Вот когда, кажется, она началась на самом деле.
Зимняя ночь. Несколько недель после Рождества, когда я отметила свой очередной день рождения. Мне семнадцать. Ночь выдалась темная, промозглая, с густым туманом и противной моросью — не то дождь, не то снег. Как раз для воров и перекупщиков: темными зимними ночами дела обделывать лучше всего, потому что простые люди сидят по домам, столичные щеголи отчаливают в загородные имения, а большие дома в Лондоне стоят запертые на замок, пустые, только и ждут грабителей. В такие ночи к нам всегда притекало много добра, а выручка мистера Иббза была больше обычного. Холод делал воров сговорчивее.
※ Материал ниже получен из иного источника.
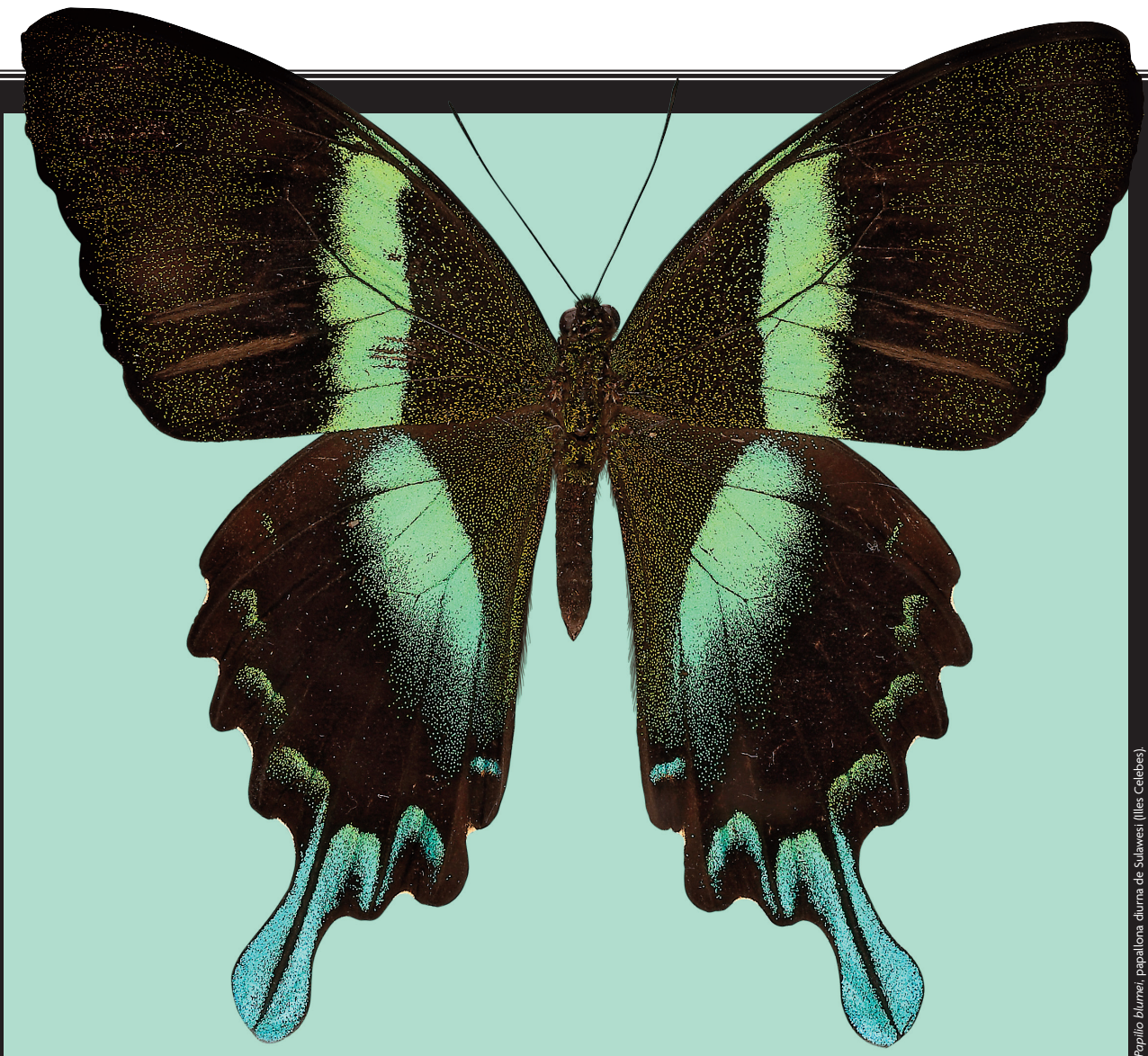
Papilio blumei, papallona diurna de Sulawesi (Iles Celebes).

Per fotografiar aquesta papallona amb gran qualitat d'imatge es va disposar perpendicularment perquè així no fes falta gaire profunditat de camp i es pogués seleccionar un diafragma mitjà ( f/8 ), que proporciona el màxim poder de resolució: 80 línies/mm.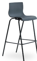
Cob SKU: PC14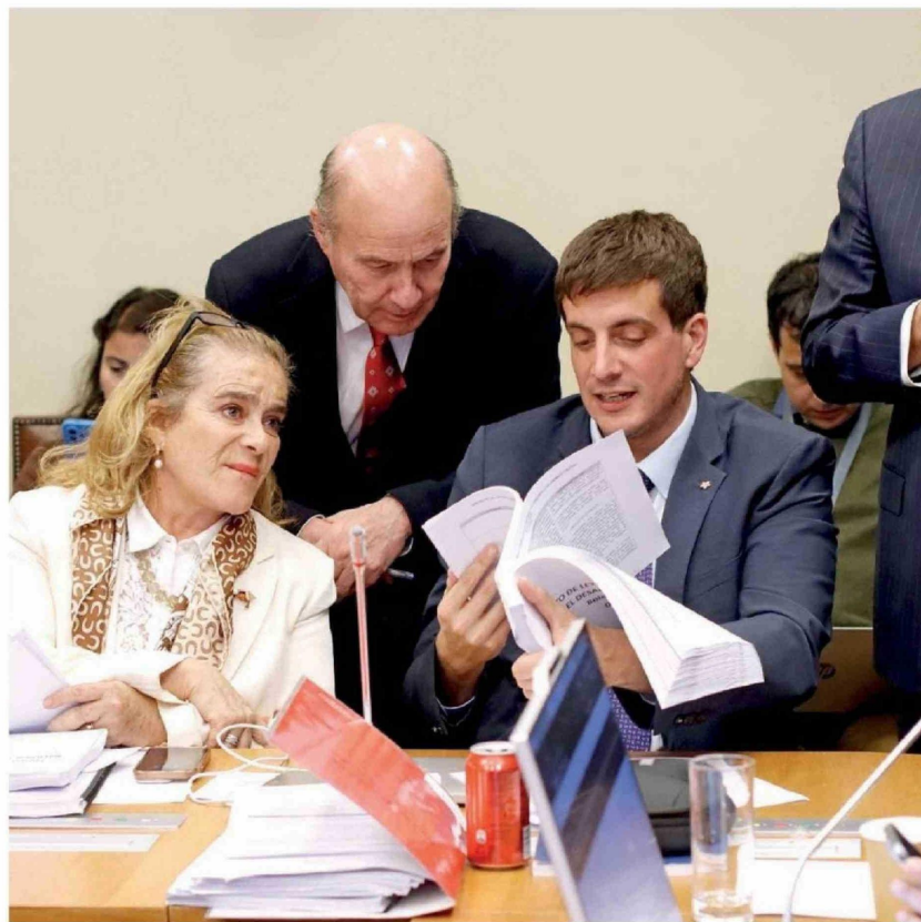
► El ministro de Hacienda, Jorge Quiroz, junto a diputados.

Entre ellos, el que más le dolió fue el rechazo a la idea de eliminar la franquicia tributaria del Sence. A pesar de que el minis-

Нам же на Лэнт-стрит холод был не страшен, потому что помимо кухонного очага была у нас еще и жаровня мистера Иббза, он исправно поддерживал в ней огонь: в любой момент она могла понадобиться — что-нибудь перековать или вовсе расплавить. В ту ночь возле нее возились трое или четверо парнишек — они вытапливали золото из соверенов. Чуть поодаль восседала на своем кресле миссис Саксби, покачивая колыбель с парой малюток, и еще там были парень и девушка, жившие в нашем доме, — Джон Врум и Неженка Уоррен.
Джон был чернявый и худосочный парнишка лет четырнадцати. Он постоянно что-нибудь жевал. Думаю, это из-за глистов. В тот вечер он грыз арахис, разбрасывая по полу шелуху.
Миссис Саксби сделала ему замечание.
— Веди себя как полагается, — сказала она. — Мусоришь тут, а Сью убирать за тобой.
На что Джон ответил:
— Бедняга Сью, прямо сердце кровью обливается.
На самом деле ему плевать было на меня. Это он из ревности. Он, как и я, был сирота, мать его умерла, и к нам он попал еще младенцем. Но был таким страшненьким, что никто не захотел взять его к себе. Миссис Саксби нянчила его лет до четырех-пяти, а потом отдала в приход — но уже тогда он был сущий сорванец и все норовил сбежать из работного дома. В конце концов она упросила одного капитана взять его на корабль, он сплавал аж до Китая и вернулся в Боро при деньгах, чем и похвалялся. Денег хватило лишь на месяц. Теперь он жил на Лэнт-стрит и выполнял поручения мистера Иббза, а кроме того, обделывал кой-какие свои делишки, а Неженка ему помогала.
Это была рослая рыжая девица двадцати трех лет, довольно простоватая на вид. Руки у нее были гладкие, белые, а как она шила — любо-дорого глядеть! Джон задал ей работу — нашивать собачьи шкурки на ворованных собак, чтобы они казались попородистей.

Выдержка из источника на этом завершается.